* [Problem]
Find, in the records below, the line that contains "La sala di Radio" and the line that contains "Each wall hanging". Copy those two lines and everything between them exactly, but not the pictures.

* [Material for this exercise]
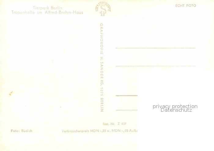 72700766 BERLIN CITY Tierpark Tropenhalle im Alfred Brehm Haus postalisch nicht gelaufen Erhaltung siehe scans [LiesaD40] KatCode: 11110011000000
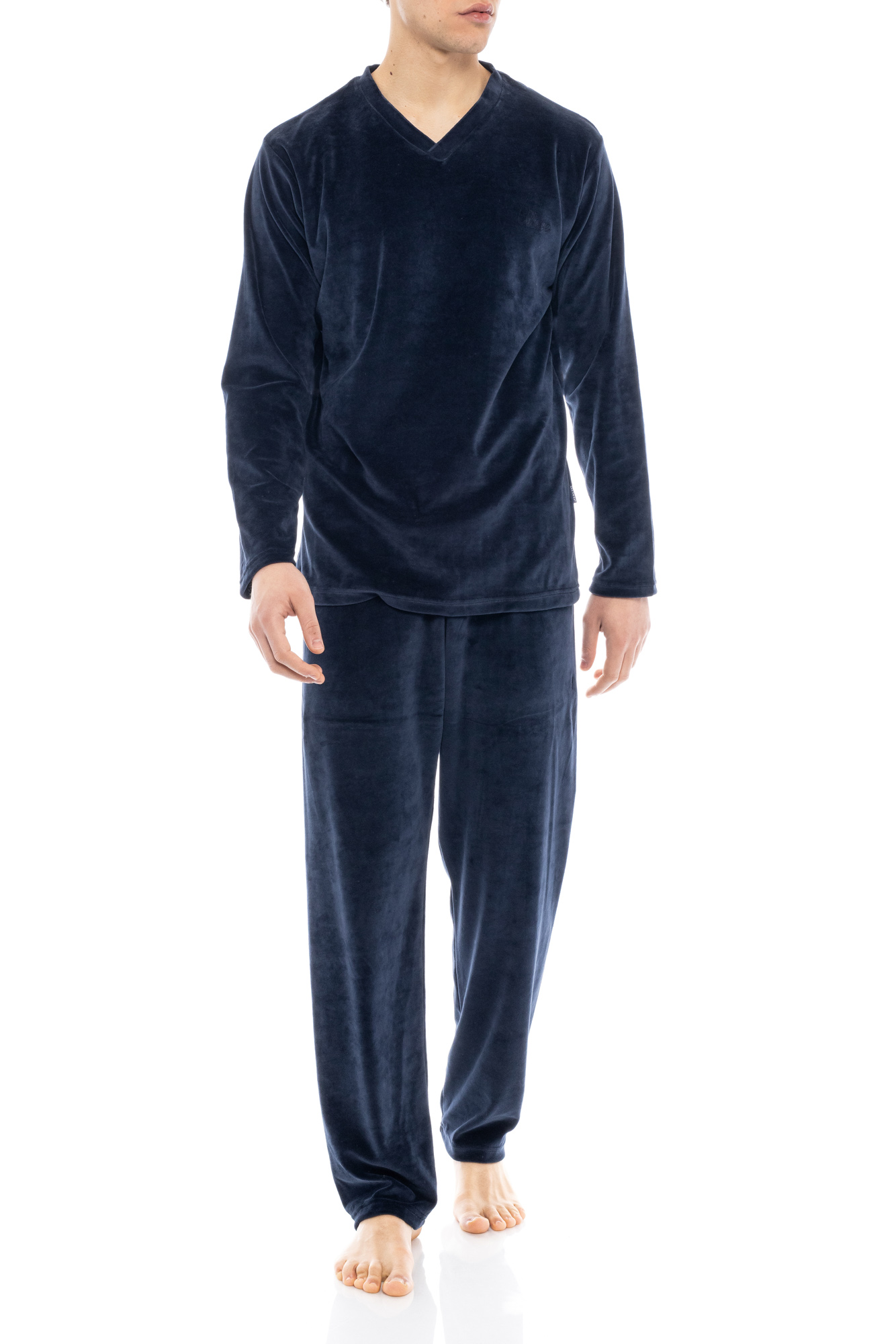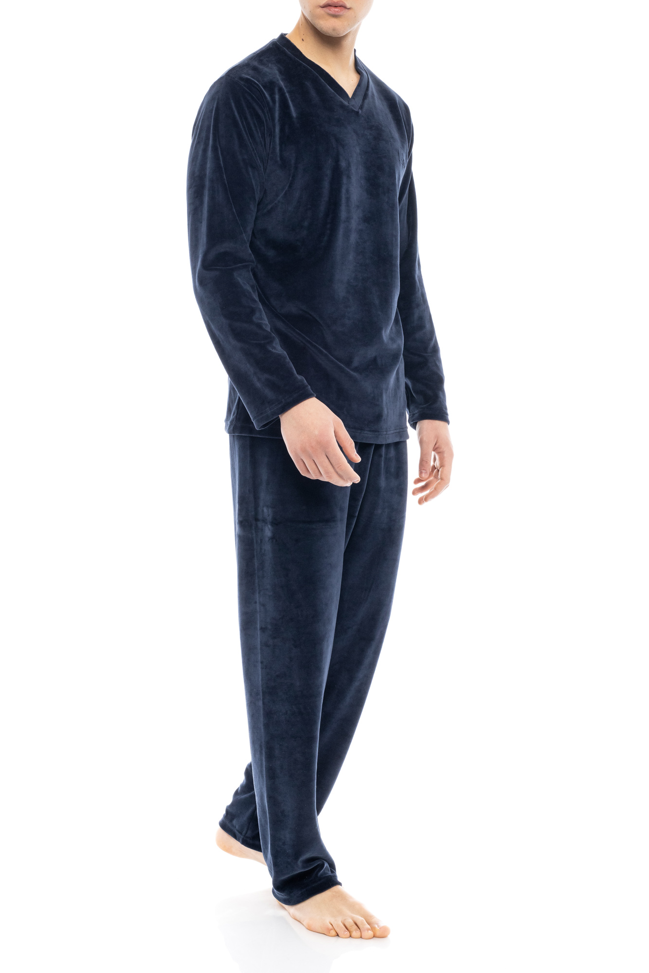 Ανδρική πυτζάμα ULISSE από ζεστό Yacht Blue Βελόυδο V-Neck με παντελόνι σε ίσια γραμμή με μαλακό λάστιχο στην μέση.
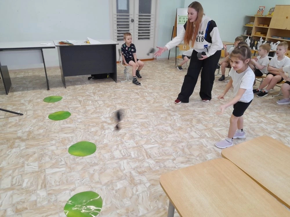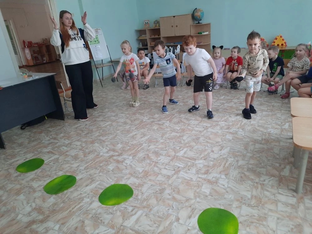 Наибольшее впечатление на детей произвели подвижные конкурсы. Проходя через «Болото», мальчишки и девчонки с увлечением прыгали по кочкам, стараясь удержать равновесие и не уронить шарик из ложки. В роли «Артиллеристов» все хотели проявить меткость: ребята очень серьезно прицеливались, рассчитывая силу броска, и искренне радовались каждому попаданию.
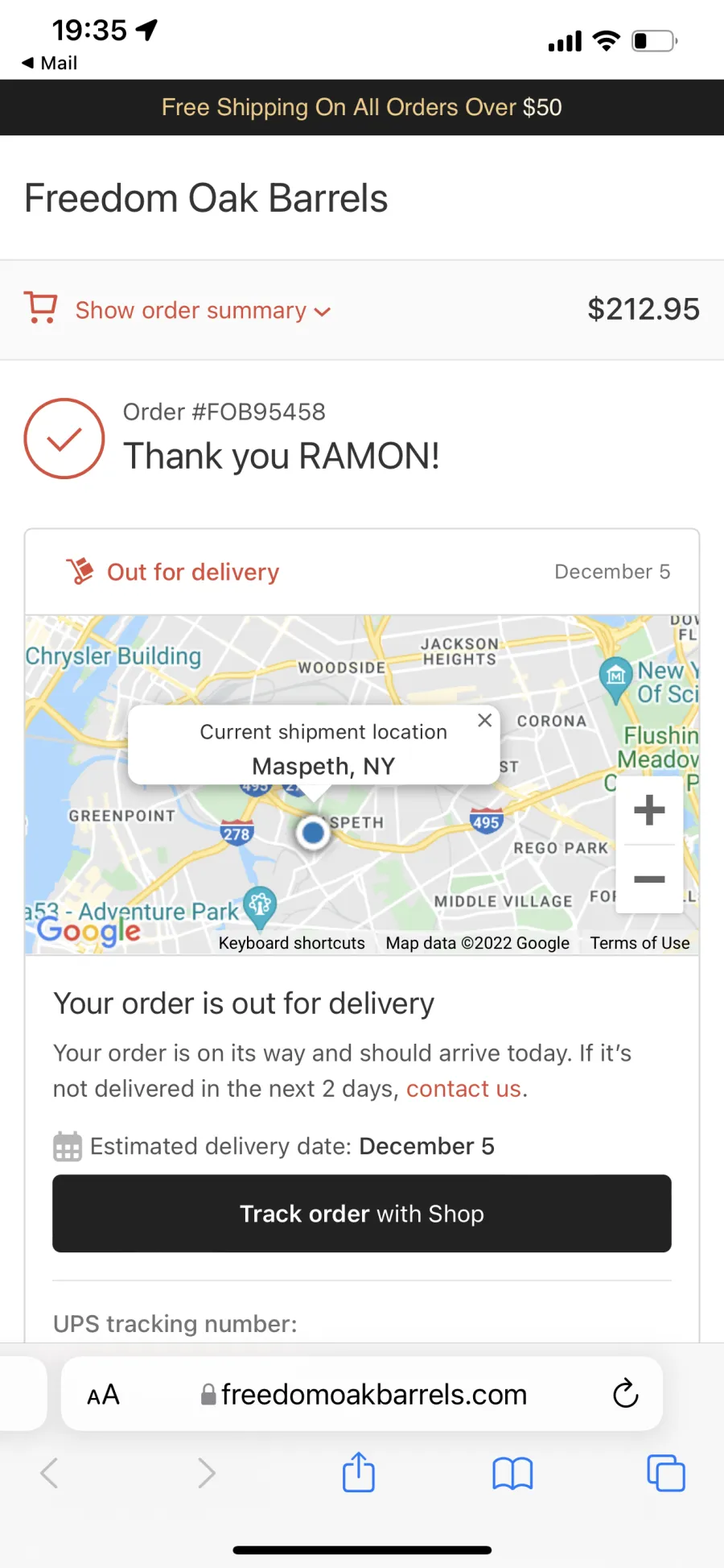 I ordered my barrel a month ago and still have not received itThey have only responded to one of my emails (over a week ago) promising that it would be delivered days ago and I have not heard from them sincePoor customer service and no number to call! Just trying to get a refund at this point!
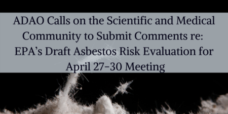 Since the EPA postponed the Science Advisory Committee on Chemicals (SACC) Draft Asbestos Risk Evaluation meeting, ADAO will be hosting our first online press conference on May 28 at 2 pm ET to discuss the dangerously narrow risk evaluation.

--

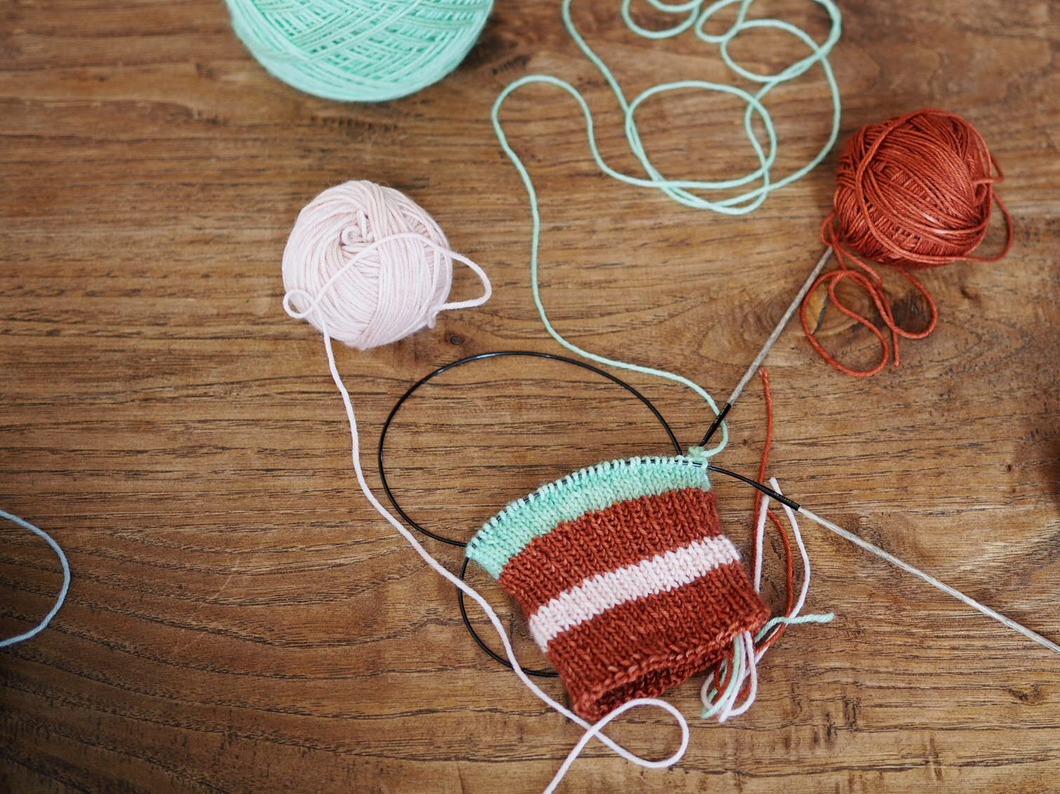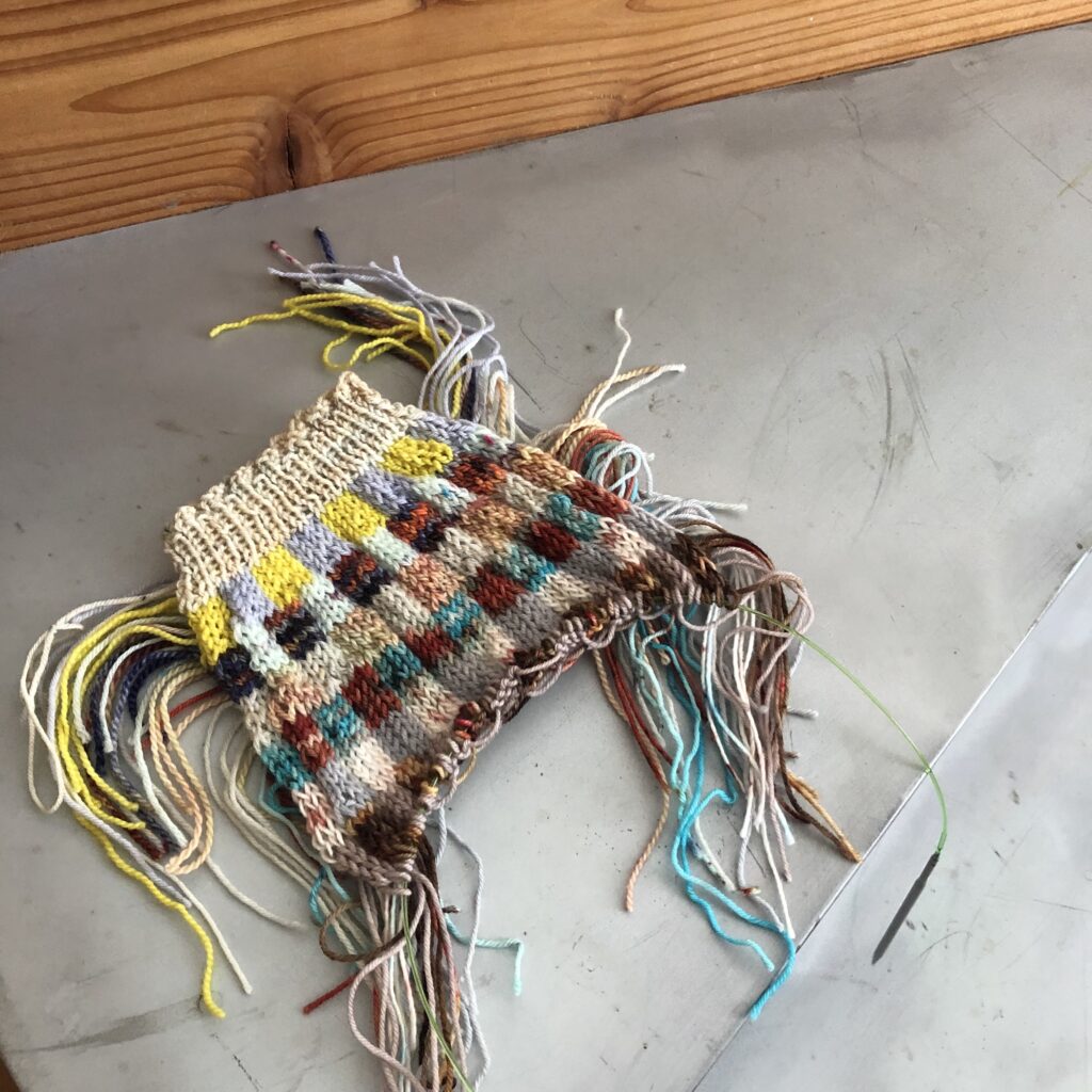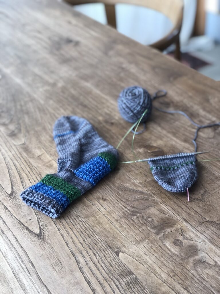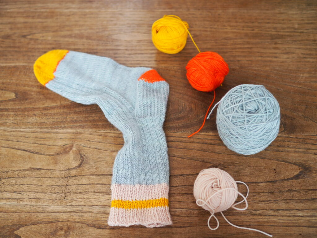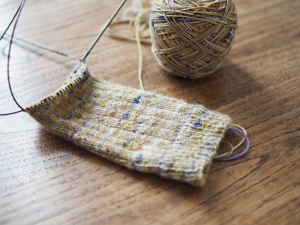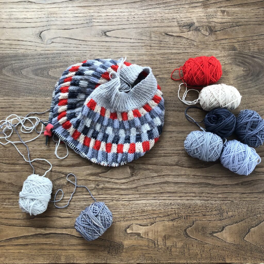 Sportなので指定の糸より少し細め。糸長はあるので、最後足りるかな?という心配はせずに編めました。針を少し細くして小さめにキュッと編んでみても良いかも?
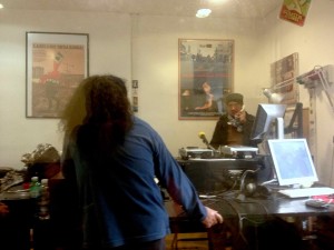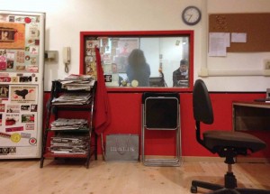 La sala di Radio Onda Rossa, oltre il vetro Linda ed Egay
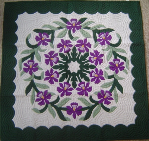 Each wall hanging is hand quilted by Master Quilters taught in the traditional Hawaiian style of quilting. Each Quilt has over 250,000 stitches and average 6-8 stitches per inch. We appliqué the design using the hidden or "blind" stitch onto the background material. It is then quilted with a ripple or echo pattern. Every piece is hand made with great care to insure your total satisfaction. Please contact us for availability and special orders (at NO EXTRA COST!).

* [Written answer]
 La sala di Radio Onda Rossa, oltre il vetro Linda ed Egay
 Each wall hanging is hand quilted by Master Quilters taught in the traditional Hawaiian style of quilting. Each Quilt has over 250,000 stitches and average 6-8 stitches per inch. We appliqué the design using the hidden or "blind" stitch onto the background material. It is then quilted with a ripple or echo pattern. Every piece is hand made with great care to insure your total satisfaction. Please contact us for availability and special orders (at NO EXTRA COST!).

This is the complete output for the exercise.